[THE INPUT]
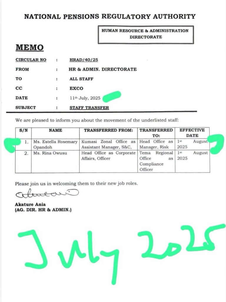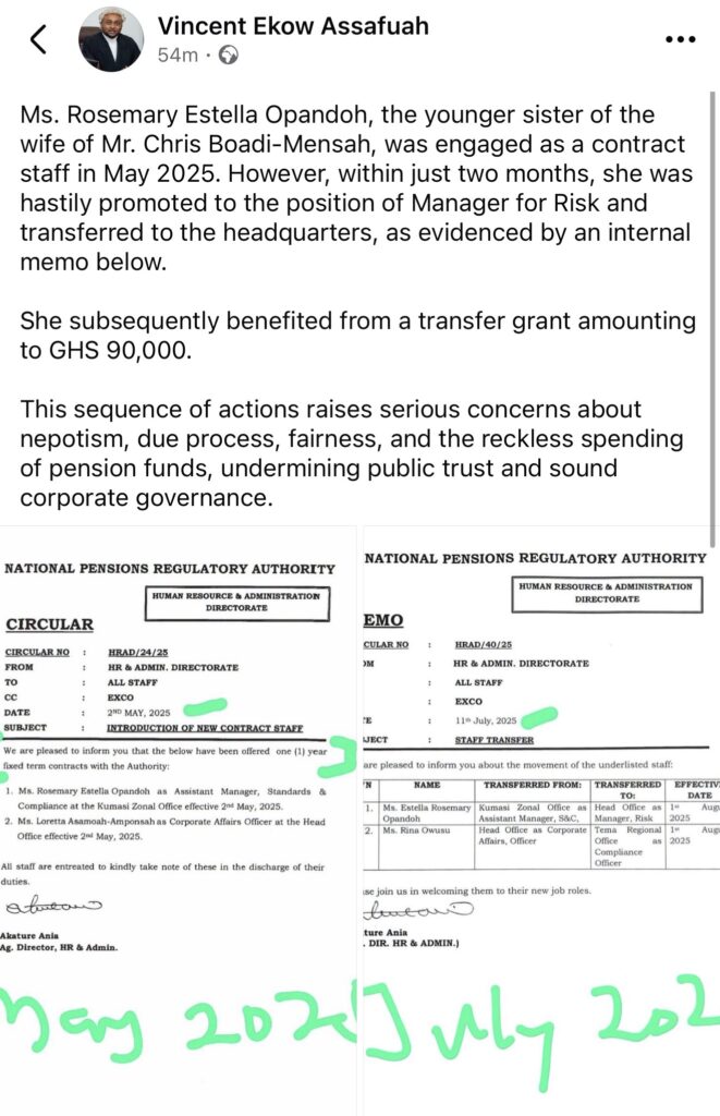 According to Mr Assafuah, the rapid elevation of Ms Opandoh to Manager for Risk and her subsequent transfer to the Authority’s headquarters raise serious questions about adherence to due process.
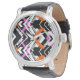 Black, Orange, And Pink Hand Drawn Arrow Pattern Watch
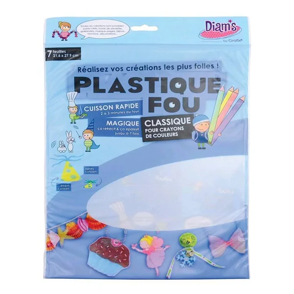 Toutes les créations sont possibles avec le plastique fou : porte-clés, ronds de serviette, guirlandes, marque-pages, bijoux, boutons, décorations. Un dessin sur une feuille de plastique qui rétrécit et s’épaissit au four jusqu’à 7 fois et votre création prend vie. Le plastique fou transparent permet de décalquer facilement un motif. On peut le colorer avec des feutres permanents.
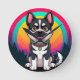 Ilustracion de un animado perro de dibujos animados sentado frente a un colorido fondo de arcoiris, con un ambiente lúdico y rodeado de un paisaje forestal sereno, que resalta la alegría y la vibrante arte.
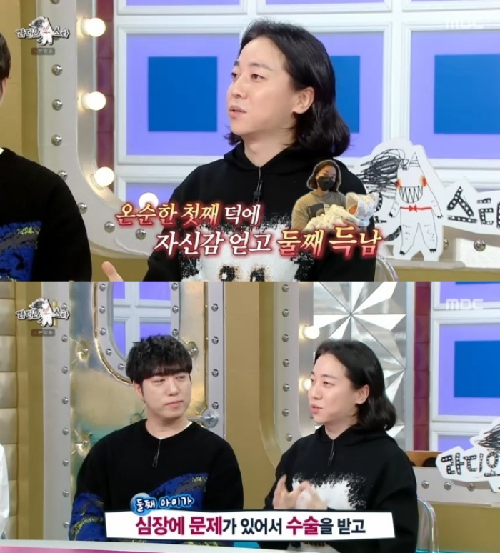 넉살은 "둘째는 심장에 문제가 있어 수술을 받고 건강하게 돌아왔다. 근데 첫째와 정반대로 너무 예민하다"고 토로했다. 그러면서 "둘째가 잠을 못 자서 저희도 매일 좀비 상태다. 육아를 교대로 하는데도 따로 자다가도 아이가 울면 깬다"고 했다.
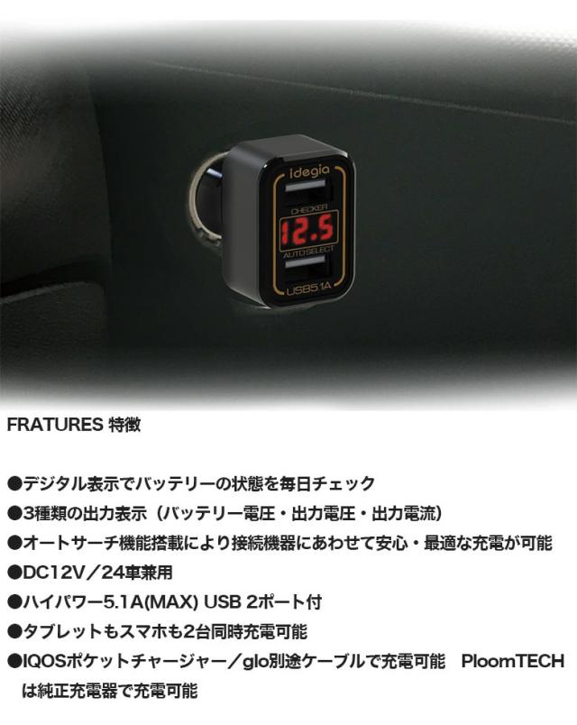 C2054 X-206 USBカーチャージャー 2ポート バッテリーチェッカー付き
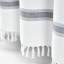 This Stripe Woven Textured Yarn Dyed Recycled Cotton Shower Curtain made with eco-friendly recycled cotton features a classic stripe design and fits in almost any bathroom setting. The tassel fringe detailing adds a stylish, unique charm to accent the traditional horizontal stripes.
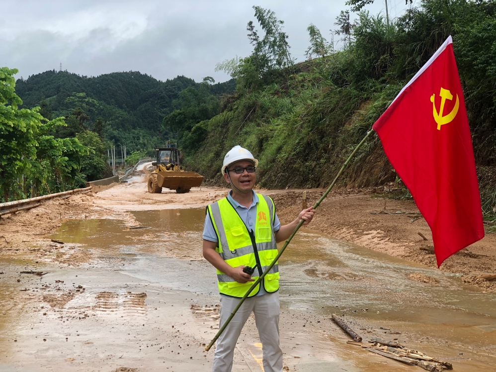 圖為北投公路集團黨員沖鋒在前開展應急搶險工作
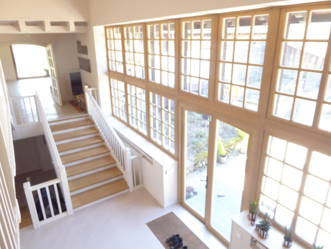 Propriété d'exception et de qualité avec excellent volume. Ambiance et cadre uniques! Grand hall d'entrée, poutres apparentes, parquet chêne massif, béton ciré. Grandes fenêtres & baies vitrées, luminosité et espace, grandes terrasses couvertes. Vue panoramique et dégagée sur de longs kilomètres sur les champs, forêts et montagnes.
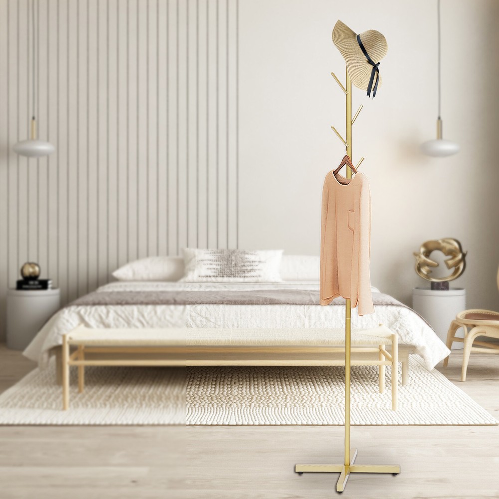 7 Hooks Coat Rack Hat Stand Tree Clothes Hanger Umbrella Holder Metal Organizer Description : Polished Smooth Edges And Meticulous Round Frame Structure Is Much More Durable. Smooth Surface,Easy To Keep Clean And Maintain Selection Of Iron Pipe Racks, No Deformation And Rust, Stronger Bearing Capacity. This Coats Stand Comes With 7 Hooks To Provide Ample Amount Of Hanging Space For Multiple Coats. Branch Shape Design And The Unique Branch Hooks, Make It Full Of Nordic Style.Simple And Stylish Design Is Suitable For Any Room The Cross Base Conforms To The Principle Of Mechanics, And The Load-Bearing Stability Is Not Easy To Fall Wear-Resistant Anti-Skid Protective Rubber Support Feet To Ensure a Better Fit Between The Base And The Ground, Protect The Floor, And Balance The Stress. A Perfect Stable Free-Standing Hanger For Coat, Clothes, Hats, Shoes, Umbrella, Purse And So On. Specification: Material: Iron Style: Simple And Stylish Color: Gold/Black Size: 42*42*170cm/16.54xx16.54x66.93inch Weight: About 1.75kg Note : Due To The Difference Between Different Monitors , The Picture May Not Reflect The Actual Color Of The Item . Due To Manual Measurement , There May Be 1 - 2cm Error In Size . Payment Delivery details Terms of sales About us Contact us Payment We accept ebay payment 。 Fees such as import duties, taxes are not included in the item price or shipping costs. These charges are the buyer's responsibility. Delivery details Shipping: 2-9 working days to: USA Terms of sales We maintain high standards of excellence and strive for hundred percent customer satisfaction. Feedback is very important to us. We hope that you contact us immediately before you give neutral or negative feedback, so that we can address your concerns. It is impossible to address issues if we do not know about them! About us Your satis faction is our ultimate goal. We work hard to earn your trust and future business. Our certified technicians have tested each item before shipping. The unit comes with 1 year limited warranty on all manufacturing defects. a) If you receive a defective item, you may return it or ask for a discount. Please contact us within 14 days after you receive the package. b) What you returned must be intact and in its original packaging as re? u. Customer is responsible for shipping costs of the returned item. c) We will cover the cost of shipping back t with the shipping rate indicated in the registration page. We will send you a new unit or refund the full payment you paid. Thank you. Contact us Business Hour Business Hour: Monday To Friday: 8:30 AM to 5:00 PM (Beijing China time) Due to time zones, our reply to your questions may not be immediately. But within above working time, we will reply your email within 24 hours. If it's non-workdays, please kindly be patient and wait till Monday. Please contact us with ebay message. Please feel free to contact us if you have any questions. Monday To Friday: 8:30 AM to 5:00 PM (Beijing China time) Due to time zones, our reply to your questions may not be immediately. But within above working time, we will reply your email within 24 hours. If it's non-workdays, please kindly be patient and wait till Monday. Please contact us with ebay message. Please feel free to contact us if you have any questions.
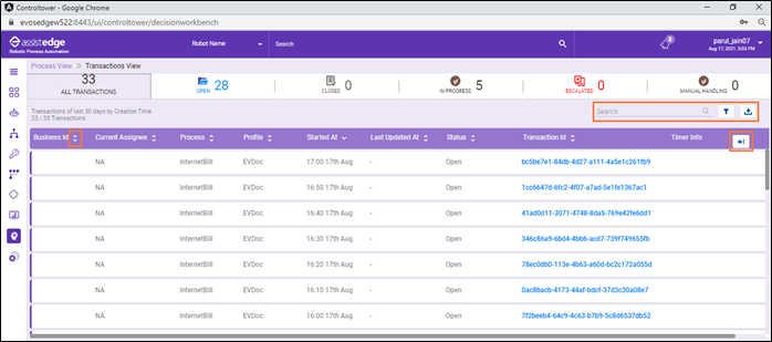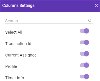 - Toggle to select and deselect the column display settings. The available toggles are Select All, Transaction Id, Current Assignee, Profile, Timer Info.
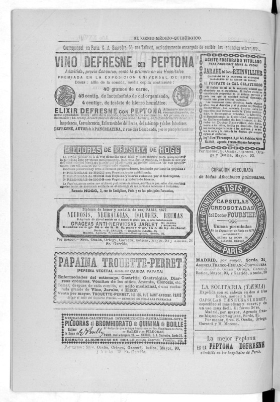 Parte de El Genio médico-quirúrgico : periódico de ciencias médicas ‐ [1882, Vol. 28, n. 1366-1393, 1340-1359.]
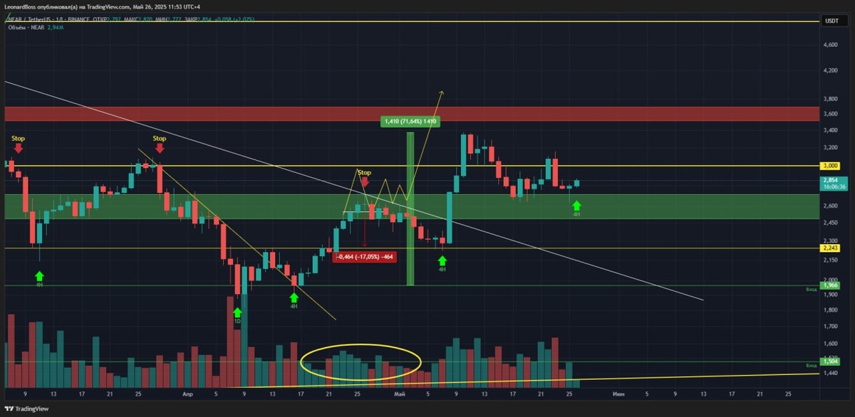 В ответ на пост #NEAR 🕯🕯🕯 ⚠️Для примера текущей ситуации по альтам, посмотрите, как отрабатывает блок поддержки! Идеальный повторный ретест блока поддержки, прямо сейчас отличная среднесрочная ТВХ с не менее эффективным стопом, по отношению к вероятному профиту!! P.s. исторически, зона уровня 3$, вплоть до 3,5$, является весьма сильной при движении в обе стороны, поэтому в данном случае, даже инвест позиция должна быть со стопом, если не хотите засесть в просадку на пару месяцев. В глобальном росте данного актива у меня нет сомнений, как не было и ранее!!!
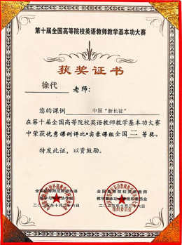 近日,第十届全国高校英语教师基本功大赛实录课现场总决赛在南京理工大学成功举办,英国上市公司官网365商务英语系教师徐代凭借一堂深度融合中国“新长征”精神理论信仰的教学课程,荣获全国二等奖。
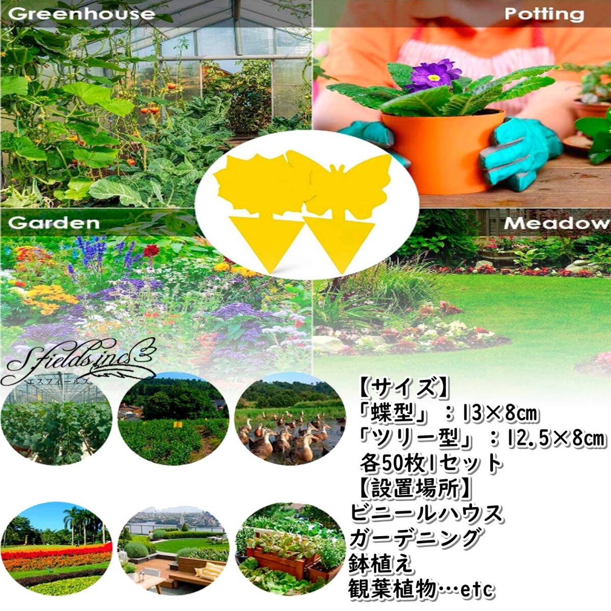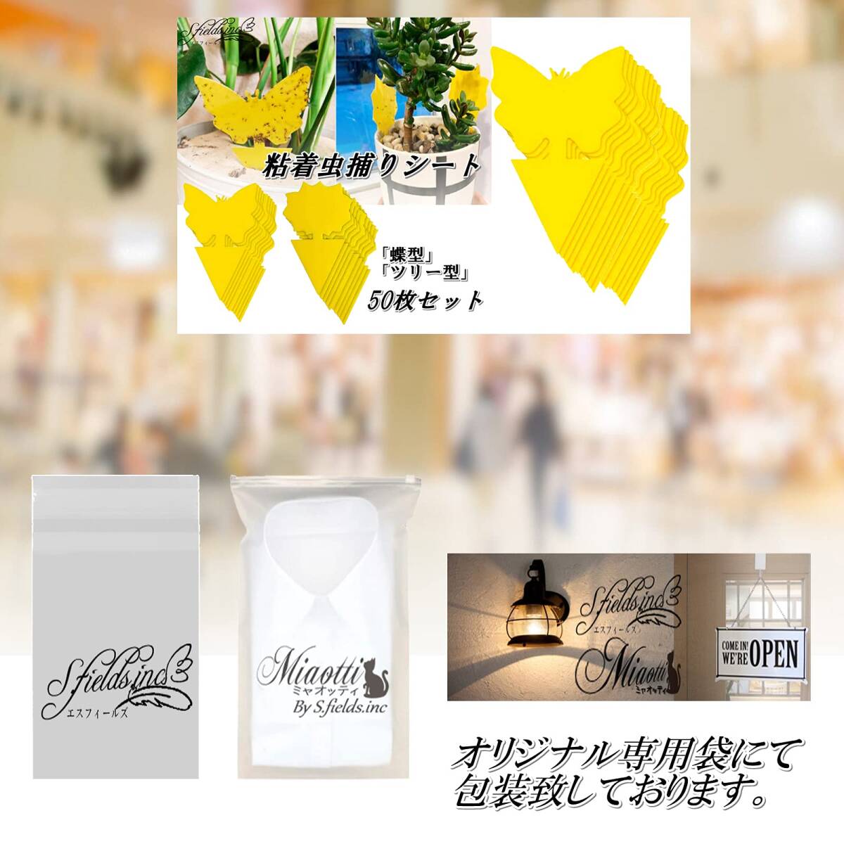 S.fields.inc 捕虫シート 防虫シート 50枚セット 粘着性 害虫捕獲粘着紙 虫取りシート 植木鉢 畑 (ツリー型)
[/THE INPUT]
→ **THE TASK**: Using the entries above, repeat exactly the lines from the one with "Black, Orange, And" to the one with "圖為北投公路集團黨員沖鋒在前開展應急搶險工作", both included, and leave the pictures behind.

→ **EXPECTED ANSWER**:
 Black, Orange, And Pink Hand Drawn Arrow Pattern Watch
 Toutes les créations sont possibles avec le plastique fou : porte-clés, ronds de serviette, guirlandes, marque-pages, bijoux, boutons, décorations. Un dessin sur une feuille de plastique qui rétrécit et s’épaissit au four jusqu’à 7 fois et votre création prend vie. Le plastique fou transparent permet de décalquer facilement un motif. On peut le colorer avec des feutres permanents.
 Ilustracion de un animado perro de dibujos animados sentado frente a un colorido fondo de arcoiris, con un ambiente lúdico y rodeado de un paisaje forestal sereno, que resalta la alegría y la vibrante arte.
 넉살은 "둘째는 심장에 문제가 있어 수술을 받고 건강하게 돌아왔다. 근데 첫째와 정반대로 너무 예민하다"고 토로했다. 그러면서 "둘째가 잠을 못 자서 저희도 매일 좀비 상태다. 육아를 교대로 하는데도 따로 자다가도 아이가 울면 깬다"고 했다.
 C2054 X-206 USBカーチャージャー 2ポート バッテリーチェッカー付き
 This Stripe Woven Textured Yarn Dyed Recycled Cotton Shower Curtain made with eco-friendly recycled cotton features a classic stripe design and fits in almost any bathroom setting. The tassel fringe detailing adds a stylish, unique charm to accent the traditional horizontal stripes.
 圖為北投公路集團黨員沖鋒在前開展應急搶險工作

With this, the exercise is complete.